Gerçek kardeşlik duygusunun artık hukuki bir temele oturtulması gerektiği ifade edildi. Şeyh Said-i gibi Kürt âlimlere yönelik yapılanlara özür dilenmesi ve mezar yerlerinin açıklanmasının önemine dikkat çekildi.
Kürtlerin Malazgirt, Çanakkale ve Kurtuluş Savaşı’ndaki katkılarının kabul edilmesi gerektiği belirtildi.
OKULLARDA KÜRTÇE EĞİTİM
TÜRKLÜK TANIMI
Türkiye Cumhuriyeti’ne vatandaşlık bağıyla bağlı olan her bireye Türk’tür tanımından feragat edilmesi gerektiği ifade edildi.
Devlet dilinde hâkim olan dışlayıcı ve inkârcı söylemlerin düzeltileceği vurgusu yapıldı.
Ortak bir gelecek inşa etmek için tüm tarafların sorumluluk alması gerektiği ortaya konuldu.
Bildirideki taleplerin çoğu, makul ve gerekli olarak nitelendirildiği gibi, bazı talepler ise bölücü olarak değerlendirildi.
Çalıştayın amacı ve önerdiği fikirlerin toplumda olumsuz etkiler yaratabileceği ifade edildi.

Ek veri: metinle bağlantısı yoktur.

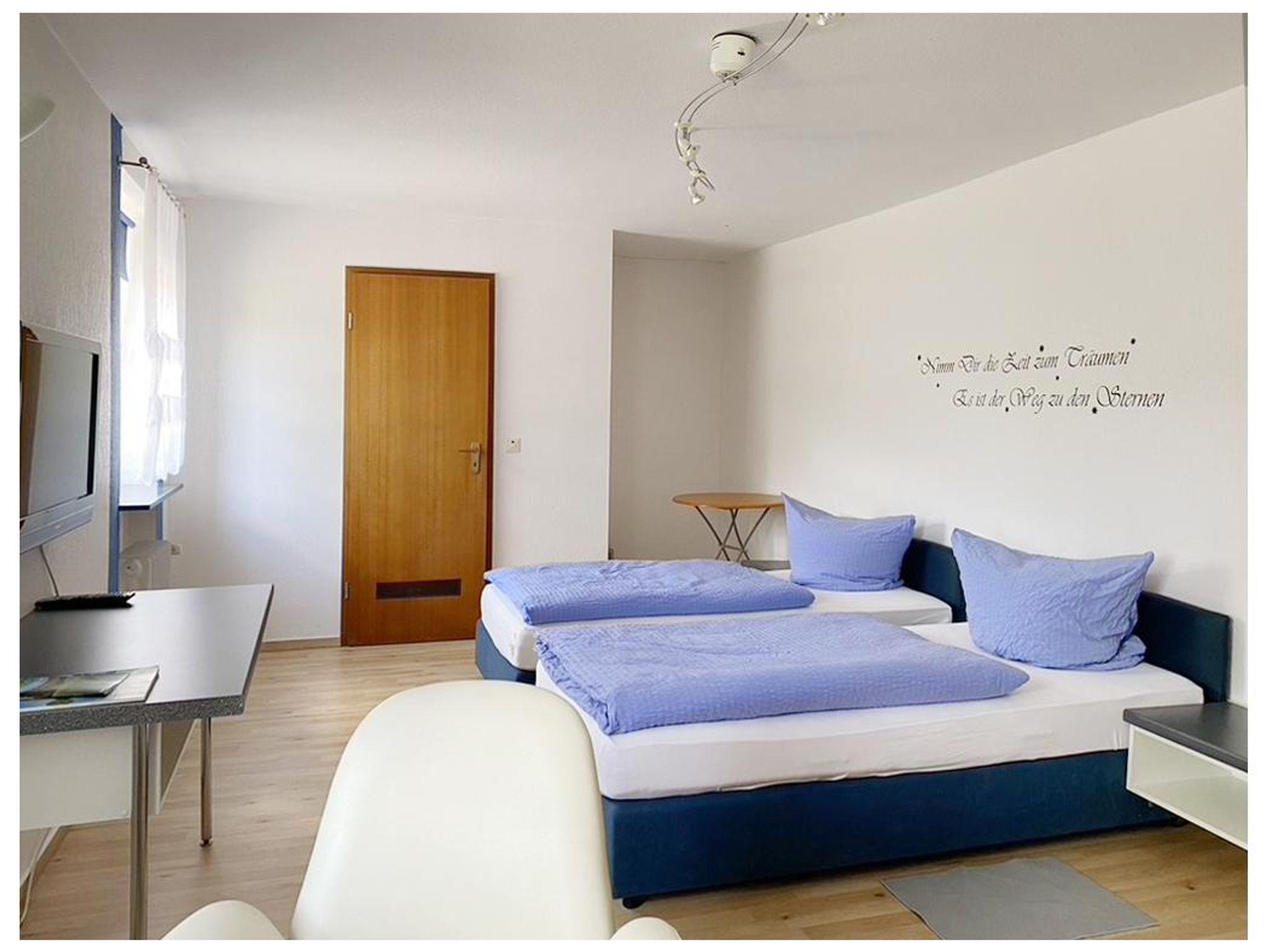 Modern eingerichtete Zimmer mit Dusche und WC, Sat-TV und WLAN. Das Bett ist 2,00 m breit. Mit einer zusätzlichen Matratze kann es auch als Drei-Bett-Zimmer genutzt werden. Eine Sitzecke mit Tischen und Stühlen ist ebenfalls vorhanden. Zimmer Nr. 2 verfügt über 2 separate Dusche/WC.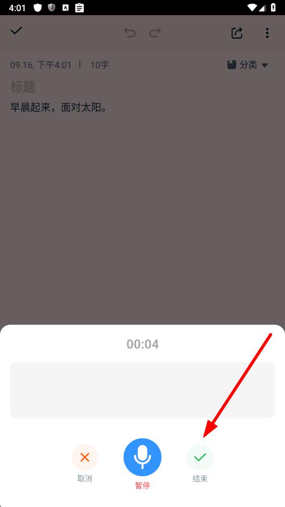 5、錄音完成后,點擊結(jié)束按鈕完成錄音。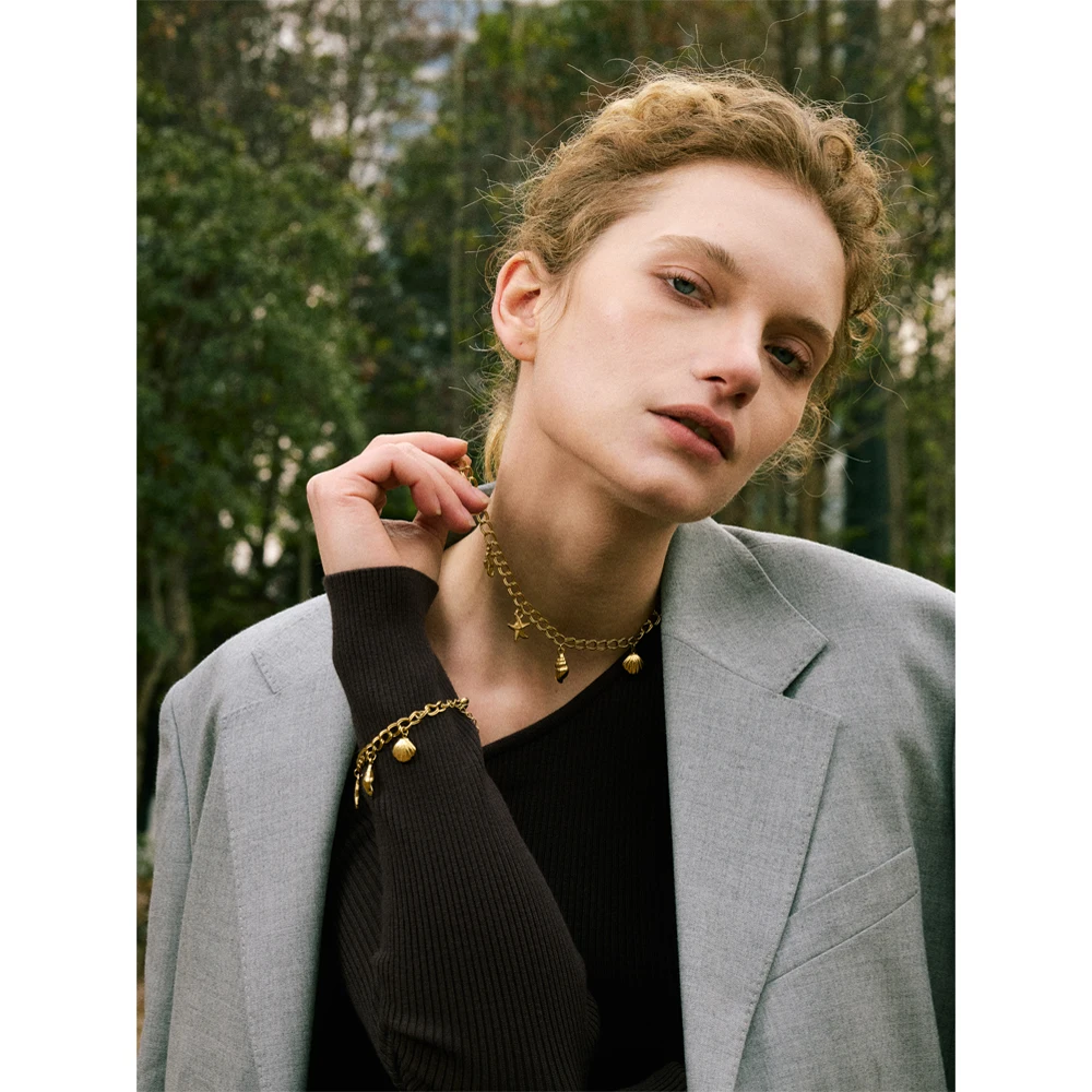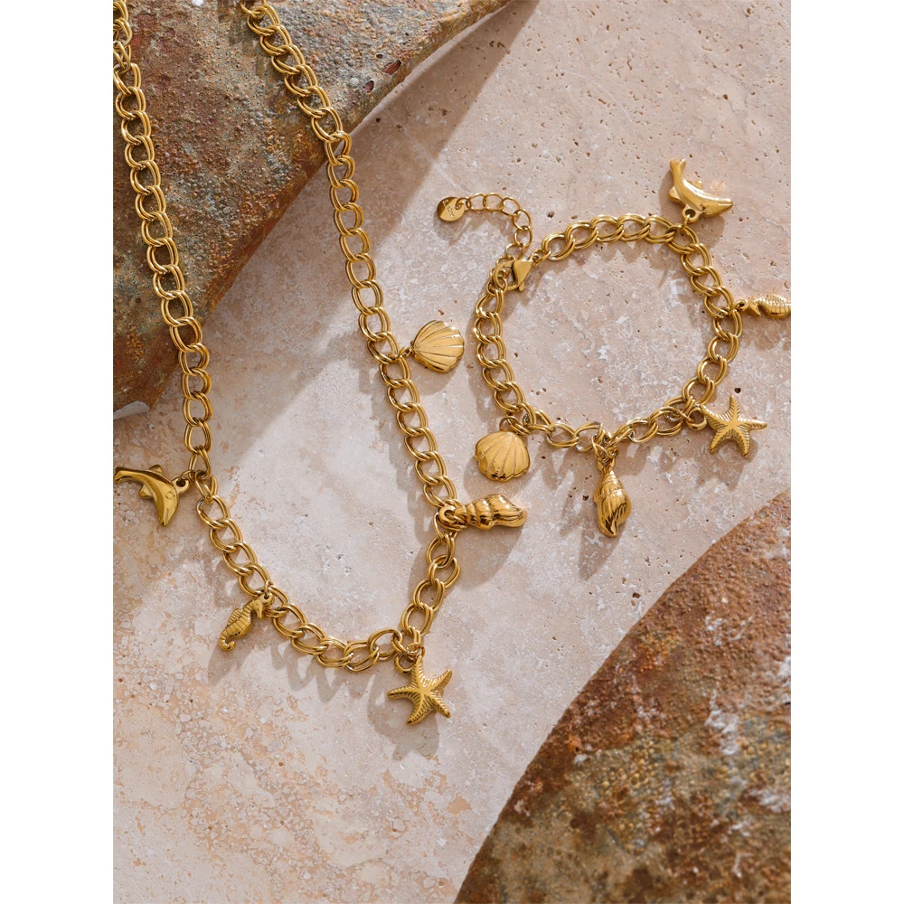 Le Bracelet breloques de la mer dorées se combine idéalement avec le collier assorti, créant une harmonieuse tenue de joaillerie qui ne passera pas inaperçue. Chaque breloque, soigneusement sélectionnée, représente des éléments marins, ajoutant une note ludique et rafraîchissante à votre look. Vous pouvez être certaine que ce bijou ajoutera une touche de sophistication tout en restant dans l’air du temps. Offrez-vous ou offrez à un être cher un bijou qui parle à l’âme, parfait pour célébrer l’été en toute simplicité.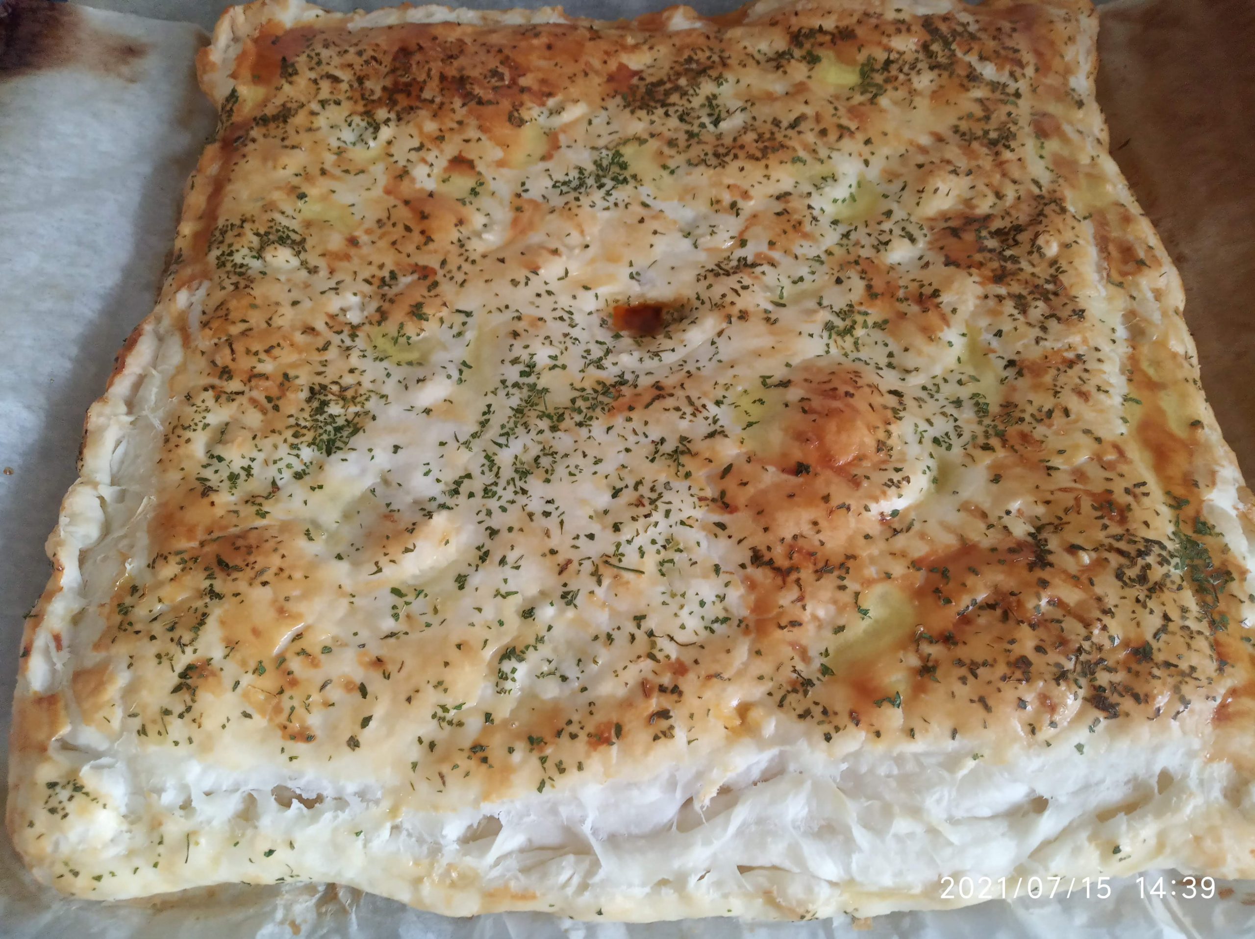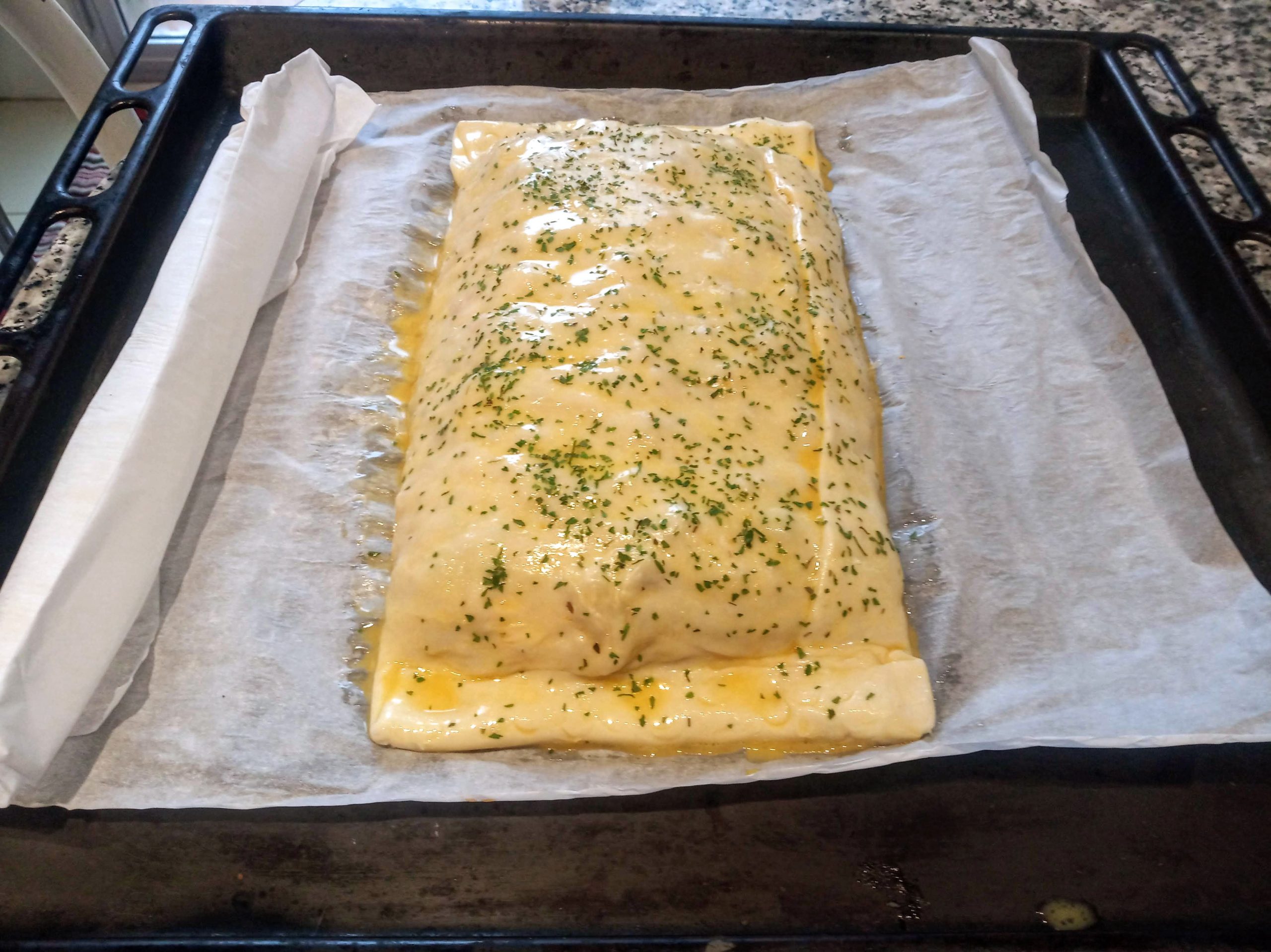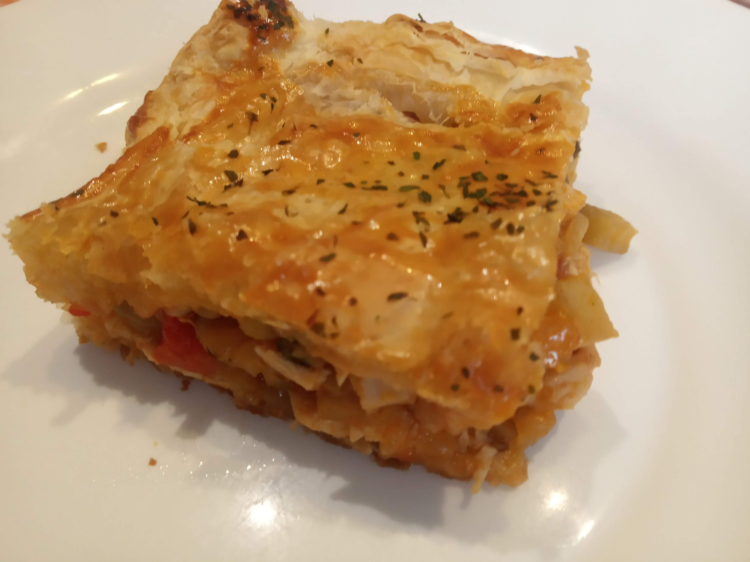 Dejo abajo las imágenes, donde utilice dos masas de hojaldre entera y queda más plana y fácil de comer.

Daha fazla tartışma ve diyalog sürecine ihtiyaç duyulduğu belirtildi.
Paylaşmak ister misiniz?
UÇUM’DAN ÇOK SERT SÖZLER: “BÖLÜNME ÇÖZÜMÜ ÇALIŞTAYI”
Sonuç bildirgesi kamuoyunda büyük yankı uyandırırken, Cumhurbaşkanı Başdanışmanı Mehmet Uçum, çalıştayı “Cumhur İttifakından nefret edenlerin ve AK Partili görünenlerin yer aldığı ama insani olmadığı kesin, bölünme çözümü çalıştayı” sözleriyle eleştirdi.
Toplantının ardından Uçum, tepkisini şu şekilde dile getirdi:
“TERÖRSÜZ TÜRKİYE HEDEFİNE İHANETLER ARSIZCA ARTIYOR! 1 Ekim ve sonrasındaki süreçte, Sayın Bahçeli’nin hamleleri ile Cumhurbaşkanı Erdoğan’ın yaklaşımının etkisi, tüm emperyalist bölünme projesi yanlılarının deşifre olmasını sağladı.
Terör sorununu köklü bir şekilde ortadan kaldırmak amacıyla başlatılan yeni dönemi istismar edenlerin, hadsizlikte zirve yaptıkları görülüyor. Türkiye’yi bölme hedefi güden dış çevrelerin Kürt sorununu kılıf olarak kullanarak, “insani çözüm çalıştayı” düzenlediklerini ve sonuç bildirgesiyle açıkça Türkiye’nin bölünmesinden yana olduklarını ifade ettiklerini belirtti.
Terör diyemeyen, terör örgütüne karşı çıkamayan bu grubun, iki millet, iki vatandaşlık, iki eğitim dili ve hatta iki resmi dilden bahsetmesi, Türkiye’ye düşmanlıklarını ve bölünme hedeflerini açığa çıkardı. Bu “bölünme çözümü çalıştayı”, Terörsüz Türkiye için başlatılmış olan yeni döneme bir ihanet olarak kabul edilmelidir.”